Proteção de dados e privacidade virou argumento de venda: como a LGPD está gerando lucro, não só evitando multa

Por muito tempo, falar em proteção de dados e privacidade dentro de uma empresa significava falar em risco, multa, processo, dor de cabeça jurídica.

Mas esse cenário mudou. Um levantamento recente mostrou que 96% das empresas relatam impacto positivo depois de se adequarem e investirem em privacidade.

Em outras palavras, uma vez em conformidade, essas empresas colheram vantagens reais e mensuráveis para o negócio.

Segundo o mesmo levantamento, as empresas que já estruturaram sua governança de dados relatam ganhos concretos como mais confiança do cliente, processos de investimento mais rápidos, diferencial competitivo frente a concorrentes que ainda estão em fase de adequação e proteção de reputação quando incidentes acontecem com outras empresas do mercado.

Na prática, isso significa que a frase "aqui seus dados estão protegidos" deixou de ser rodapé de política de privacidade e passou a ser argumento de vendas.

Um estudo acadêmico sobre e-commerce brasileiro reforça que a conformidade com a LGPD vai além do simples cumprimento normativo e se torna um diferencial competitivo para as lojas virtuais que adotam práticas transparentes e responsáveis na gestão de dados dos clientes.

Esse raciocínio não vale só para dados pessoais, vale para qualquer negócio construído sobre transparência com o consumidor, onde quanto mais transparente e previsível a relação, maior a disposição do cliente em continuar comprando.

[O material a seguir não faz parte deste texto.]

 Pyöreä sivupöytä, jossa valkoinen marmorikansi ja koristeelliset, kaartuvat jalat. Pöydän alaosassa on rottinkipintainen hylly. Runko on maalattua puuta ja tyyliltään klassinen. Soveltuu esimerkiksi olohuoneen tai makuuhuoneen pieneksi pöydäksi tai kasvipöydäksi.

Para negócios de compra e venda pela internet, o recado é direto, cada ponto de contato com o cliente (atendimento, checkout, marketing, pós-venda) é também um ponto de exposição de dados pessoais.

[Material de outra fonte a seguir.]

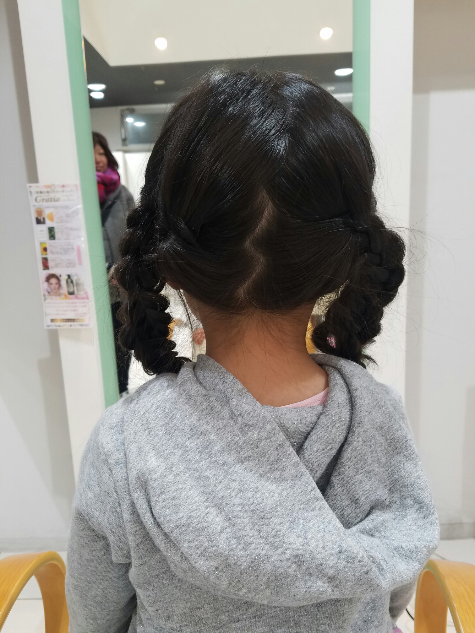 ③2つに分けた髪をさらに2つに分けて2本三つ編みをする。崩してゴムでとめる。

E cada um desses pontos pode ser transformado em prova de confiança, não em vulnerabilidade.

Isso passa por medidas concretas como controle de acesso bem definido, criptografia das informações trafegadas, registro de atividades e, sobretudo, transparência ativa com o cliente sobre como seus dados são usados.

Veja também o artigo da Huggy sobre senhas fortes e proteção de dados.

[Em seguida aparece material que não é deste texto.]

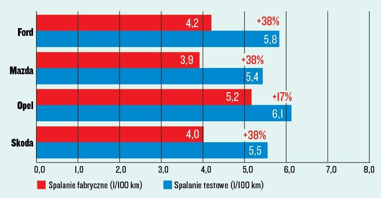 W dziedzinie ekonomii Opel się nie popisał, bo spalił najwięcej w teście. Ale za to uczciwiej traktuje klientów niż pozostałe marki, bowiem Insignia zużyła tylko o 17 proc. paliwa więcej, niż podano w katalogu. W przypadku konkurentów katalogowe „niedopowiedzenie” wynosi wstydliwe 38 proc.

Na Huggy, essa lógica está no centro da plataforma, onde recursos como autenticação em dois fatores, controle de acesso granular, encriptação de dados e possibilidade de exclusão de dados a pedido do titular não existem só para atender a LGPD, existem para que a conformidade vire parte visível da experiência do cliente, e não um detalhe escondido nos termos de uso.

Se a sua empresa ainda trata proteção de dados como custo a ser minimizado, talvez seja hora de olhar para o outro lado da equação e acreditar que a confiança bem construída pode ser revertida em retenção, reputação e vendas.